TASK DESCRIPTION → In the answer, transcribe exactly the lines from the beginning of the material through the line holding "Sonderstempel aus Harsefeld", and skip every picture.

- - - - - - -

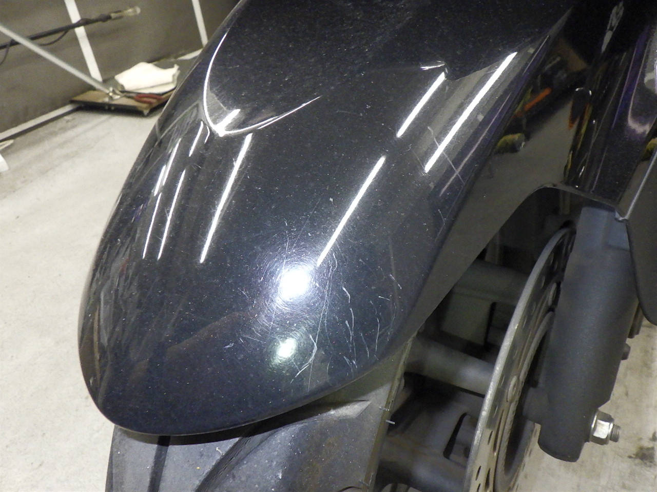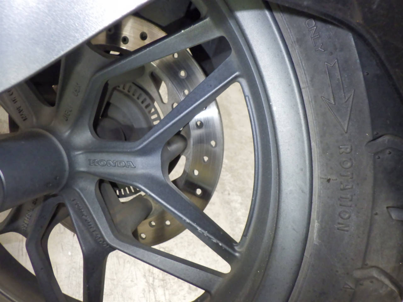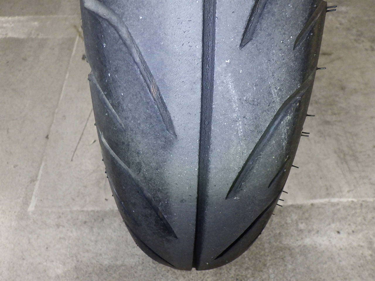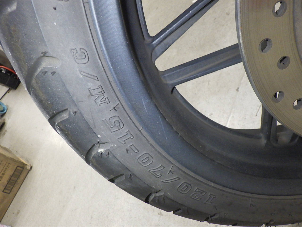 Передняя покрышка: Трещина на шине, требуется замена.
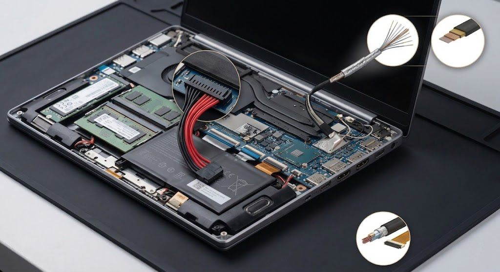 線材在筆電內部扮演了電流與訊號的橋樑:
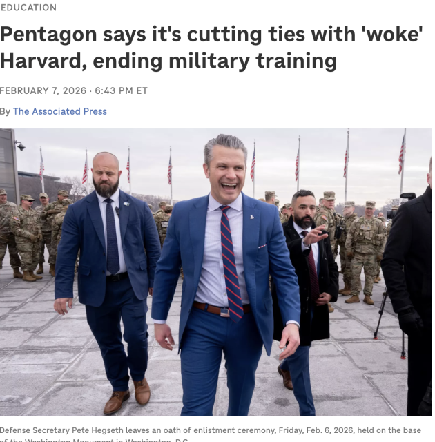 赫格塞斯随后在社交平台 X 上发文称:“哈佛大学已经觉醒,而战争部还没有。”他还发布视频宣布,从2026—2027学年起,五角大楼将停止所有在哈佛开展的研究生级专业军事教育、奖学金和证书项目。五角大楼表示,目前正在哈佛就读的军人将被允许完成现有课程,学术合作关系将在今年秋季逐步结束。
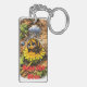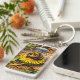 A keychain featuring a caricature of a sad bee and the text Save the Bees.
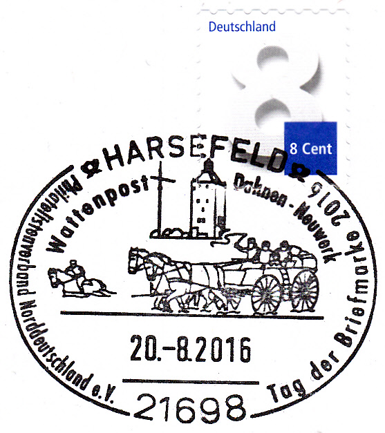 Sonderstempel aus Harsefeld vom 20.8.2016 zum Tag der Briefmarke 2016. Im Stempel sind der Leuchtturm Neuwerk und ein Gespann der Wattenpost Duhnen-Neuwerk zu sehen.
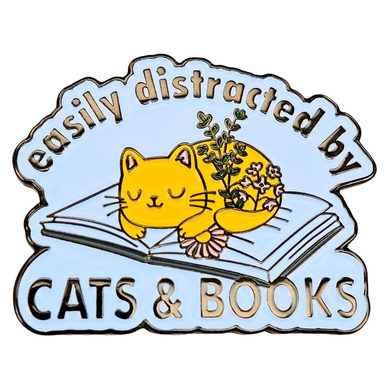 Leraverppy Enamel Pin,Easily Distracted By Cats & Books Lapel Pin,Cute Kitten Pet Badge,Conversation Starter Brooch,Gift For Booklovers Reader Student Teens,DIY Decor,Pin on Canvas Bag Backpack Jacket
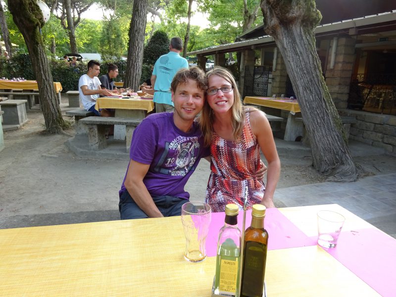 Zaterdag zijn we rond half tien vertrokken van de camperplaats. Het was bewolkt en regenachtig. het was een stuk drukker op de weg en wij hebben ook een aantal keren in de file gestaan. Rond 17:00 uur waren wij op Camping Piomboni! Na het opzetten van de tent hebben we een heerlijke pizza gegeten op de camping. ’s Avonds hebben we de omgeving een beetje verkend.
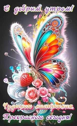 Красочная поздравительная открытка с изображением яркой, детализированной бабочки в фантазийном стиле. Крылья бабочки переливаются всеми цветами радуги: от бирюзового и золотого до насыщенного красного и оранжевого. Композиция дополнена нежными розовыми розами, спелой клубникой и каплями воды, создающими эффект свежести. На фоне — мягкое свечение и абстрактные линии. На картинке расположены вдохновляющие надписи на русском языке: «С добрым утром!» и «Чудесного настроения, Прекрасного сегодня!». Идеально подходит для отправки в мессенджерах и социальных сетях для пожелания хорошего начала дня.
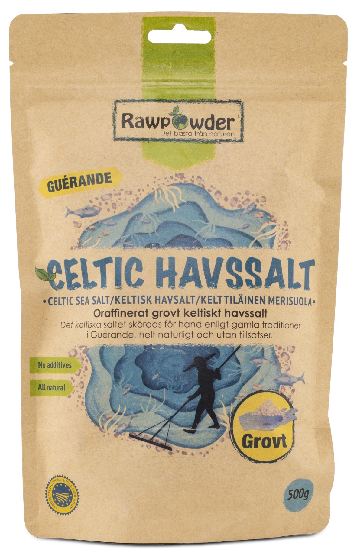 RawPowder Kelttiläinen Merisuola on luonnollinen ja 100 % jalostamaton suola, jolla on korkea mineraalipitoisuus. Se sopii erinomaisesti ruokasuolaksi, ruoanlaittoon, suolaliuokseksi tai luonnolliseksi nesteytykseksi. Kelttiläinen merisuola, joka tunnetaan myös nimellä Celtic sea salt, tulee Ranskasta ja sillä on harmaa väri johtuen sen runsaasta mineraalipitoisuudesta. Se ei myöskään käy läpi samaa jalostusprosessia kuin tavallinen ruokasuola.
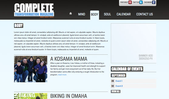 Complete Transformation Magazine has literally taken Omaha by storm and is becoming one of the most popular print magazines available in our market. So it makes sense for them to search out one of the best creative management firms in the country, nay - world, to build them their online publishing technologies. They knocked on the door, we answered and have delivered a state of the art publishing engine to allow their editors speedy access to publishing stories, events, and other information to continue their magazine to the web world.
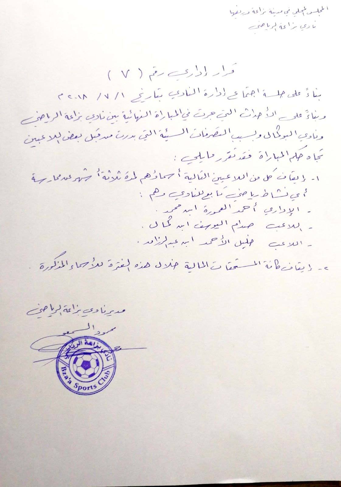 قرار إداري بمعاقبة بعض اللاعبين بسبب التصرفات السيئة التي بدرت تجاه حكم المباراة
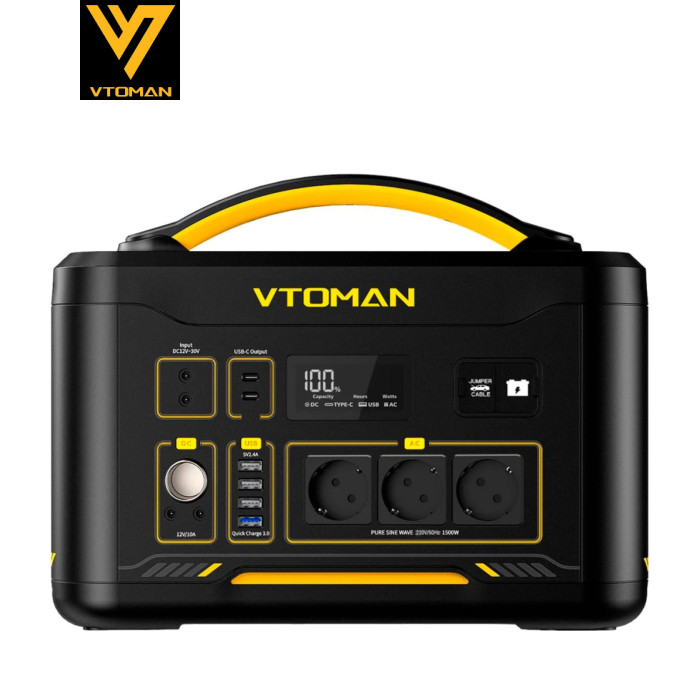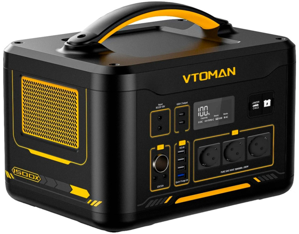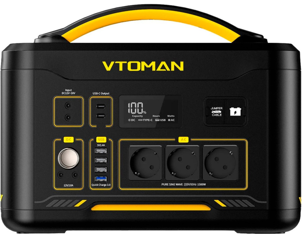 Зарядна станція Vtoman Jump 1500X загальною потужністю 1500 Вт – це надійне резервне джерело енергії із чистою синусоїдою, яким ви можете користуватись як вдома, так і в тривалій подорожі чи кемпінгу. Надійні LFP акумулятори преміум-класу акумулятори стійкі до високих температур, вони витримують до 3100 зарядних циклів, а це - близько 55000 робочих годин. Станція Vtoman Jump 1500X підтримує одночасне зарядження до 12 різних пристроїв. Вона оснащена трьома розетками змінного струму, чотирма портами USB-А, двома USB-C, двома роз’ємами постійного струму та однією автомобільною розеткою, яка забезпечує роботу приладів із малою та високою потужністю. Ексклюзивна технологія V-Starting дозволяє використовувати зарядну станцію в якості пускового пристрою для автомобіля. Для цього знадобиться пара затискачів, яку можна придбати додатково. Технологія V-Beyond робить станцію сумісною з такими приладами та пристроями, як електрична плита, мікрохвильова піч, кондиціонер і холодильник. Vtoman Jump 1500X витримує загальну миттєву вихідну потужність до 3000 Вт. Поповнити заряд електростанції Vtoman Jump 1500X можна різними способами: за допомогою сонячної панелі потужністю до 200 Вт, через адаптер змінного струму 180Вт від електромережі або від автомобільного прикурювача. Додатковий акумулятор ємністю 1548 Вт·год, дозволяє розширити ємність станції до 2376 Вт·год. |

- - - - - - -

ANSWER BOX →
 Передняя покрышка: Трещина на шине, требуется замена.
 線材在筆電內部扮演了電流與訊號的橋樑:
 赫格塞斯随后在社交平台 X 上发文称:“哈佛大学已经觉醒,而战争部还没有。”他还发布视频宣布,从2026—2027学年起,五角大楼将停止所有在哈佛开展的研究生级专业军事教育、奖学金和证书项目。五角大楼表示,目前正在哈佛就读的军人将被允许完成现有课程,学术合作关系将在今年秋季逐步结束。
 A keychain featuring a caricature of a sad bee and the text Save the Bees.
 Sonderstempel aus Harsefeld vom 20.8.2016 zum Tag der Briefmarke 2016. Im Stempel sind der Leuchtturm Neuwerk und ein Gespann der Wattenpost Duhnen-Neuwerk zu sehen.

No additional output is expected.